The 2PT determined excess Gibbs free energies are compared to those determined by thermodynamic integration35,36 (Fig. 2 and Table S1 in the ESI). The 2PT properties are determined based on three estimates of the partial molar volume. The KB method provides the most accurate estimate to the partial molar volume (see Appendix for further details). The 2PT determined excess Gibbs free energies based on KB partial molar volume (Fig. 2c) are in good agreement with results from TI for mixtures with very different sizes and energetic interactions. Discernible discrepancies are observed when the sizes of the two species are most different (i.e., σBB/σAA = 2). The one-fluid approximation (Fig. 2a assuming molar volume to be the same as partial molar volume) results in more negative deviations as the size ratio (σBB/σAA) increases. On the other hand, estimating the partial molar volume with the particle size (Fig. 2b) leads to results that are in comparable accuracy to that from the KB method. In most cases, the molecular size method leads to more positive values in excess Gibbs free energy than those from the KB method. The results show that the description of partial molar volume is important for 2PT properties, especially for highly asymmetric mixtures. Furthermore, the use of molecular size may be an efficient approach for 2PT properties without much loss of its accuracy.
Comparison of excess Gibbs free energy of equimolar LJ mixtures from 2PT with three different methods to that from thermodynamic integration (TI).35,36 (a) one-fluid. (b) molecular size. (c) Kirkwood–Buff theory (squares: particles are equal in size but with different interaction parameters; circles: particles are different in size but having the same interactions; triangles: both size and interaction parameters are different).
Fig. 2 Comparison of excess Gibbs free energy of equimolar LJ mixtures from 2PT with three different methods to that from thermodynamic integration (TI).35,36 (a) one-fluid. (b) molecular size. (c) Kirkwood–Buff theory (squares: particles are equal in size but with different interaction parameters; circles: particles are different in size but having the same interactions; triangles: both size and interaction parameters are different).

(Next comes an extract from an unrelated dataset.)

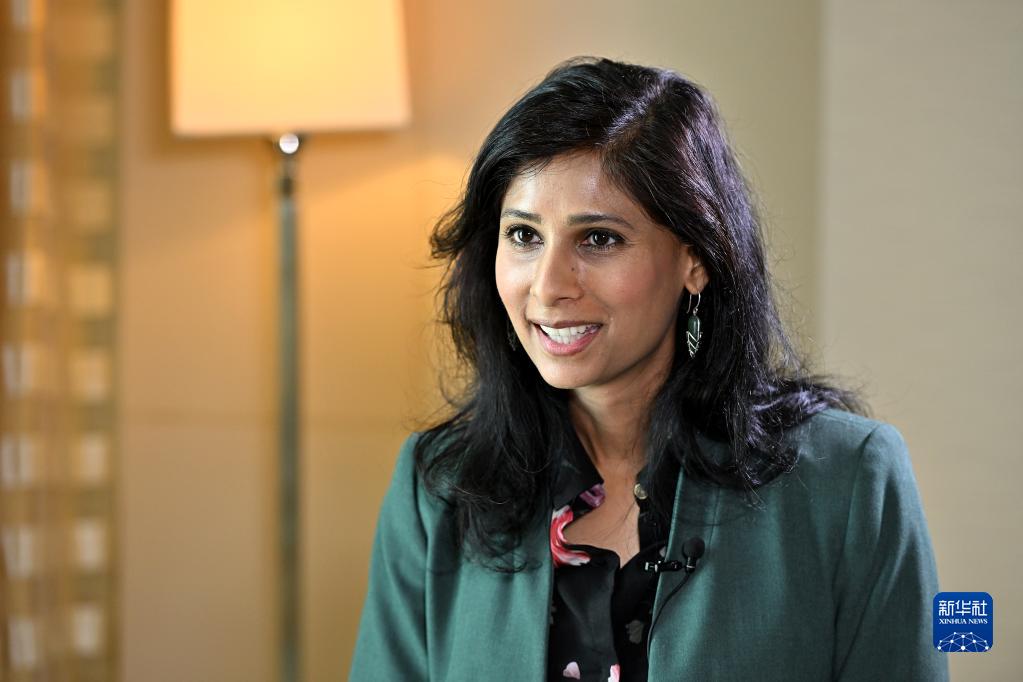 国际货币基金组织(IMF)第一副总裁吉塔·戈皮纳特接受新华社记者专访(5月8日摄)。新华社记者 李鑫 摄

4.3 Energy-cross term effect of 2PT model

To examine whether the 2PT method can capture correct thermodynamic properties for specific cross interactions, we performed additional simulations using simulation parameters from simulation 17 (see Table 1) but with different values of kij (eqn (23)): −0.9, −0.7, −0.5, −0.1, 0.1, 0.3. (Note that phase separation is observed when the value of kij is greater than 0.5. Therefore, larger values of kij are not considered.) Fig. 3 shows the result of excess Gibbs free energy from the 2PT model with different kij. For comparison, the excess Gibbs free energies were determined based on the Widom insertion method using the open-source molecular simulation program ms2.33,34 It can be seen that the results from 2PT are in close agreement with those from Widom's method. The 2PT model can therefore correctly capture the change in thermodynamic properties in the mixture due to specific cross interactions.
The excess Gibbs free energy of equimolar mixtures from the 2PT model (circle) and from Widom's particle insertion method (square) for simulation 17 but using different cross interaction parameters kij.
Fig. 3 The excess Gibbs free energy of equimolar mixtures from the 2PT model (circle) and from Widom's particle insertion method (square) for simulation 17 but using different cross interaction parameters kij.

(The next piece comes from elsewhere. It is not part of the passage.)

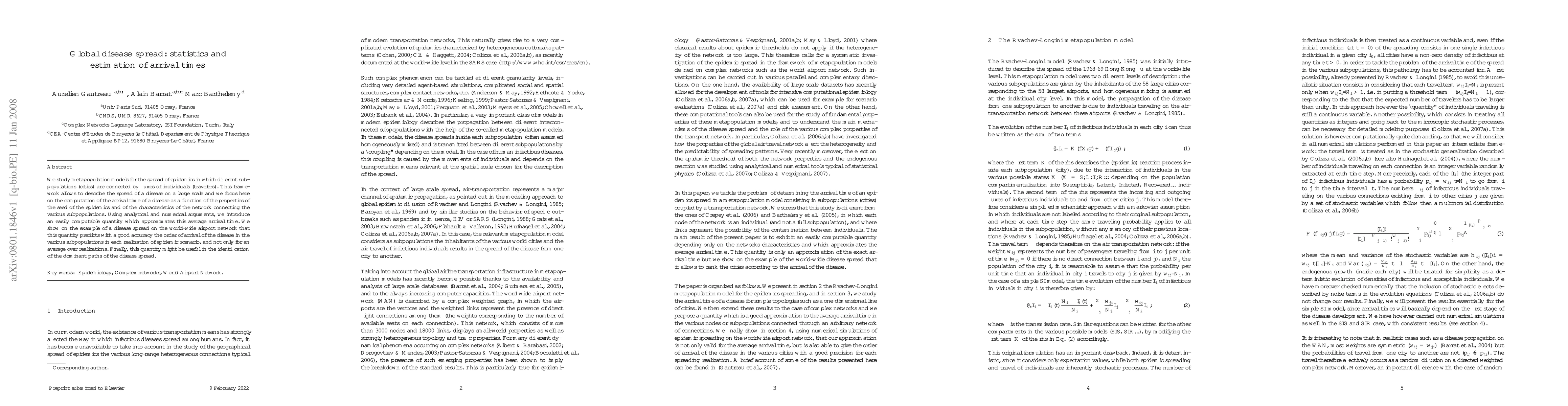 This paper develops metapopulation models to estimate the arrival times of epidemics across connected subpopulations, introducing a computable metric for predicting disease spread. It demonstrates the model's accuracy using the worldwide airport network, highlighting its potential for identifying key transmission routes.

4.4 Fluidicity parameter and partial molar volume in binary mixtures

The fluidicity and partial molar volume are two important quantities in the 2PT method for calculation of thermodynamic properties in a mixture. Their values from the three different methods discussed above are listed in Table S2 of the ESI. In one-fluid approximation, the two components in the mixture share the same fluidicity and molar volume. For the molecular size and Kirkwood–Buff approaches, the partial molar volume of each component differs significantly when the ratio of particle diameters is away from unity. One-fluid approximation fails to consider the size effect as expected. As a consequence, the fluidicity from one-fluid approximation is very different from the other two methods. This deviation affects thermodynamic properties significantly, as given in the previous section.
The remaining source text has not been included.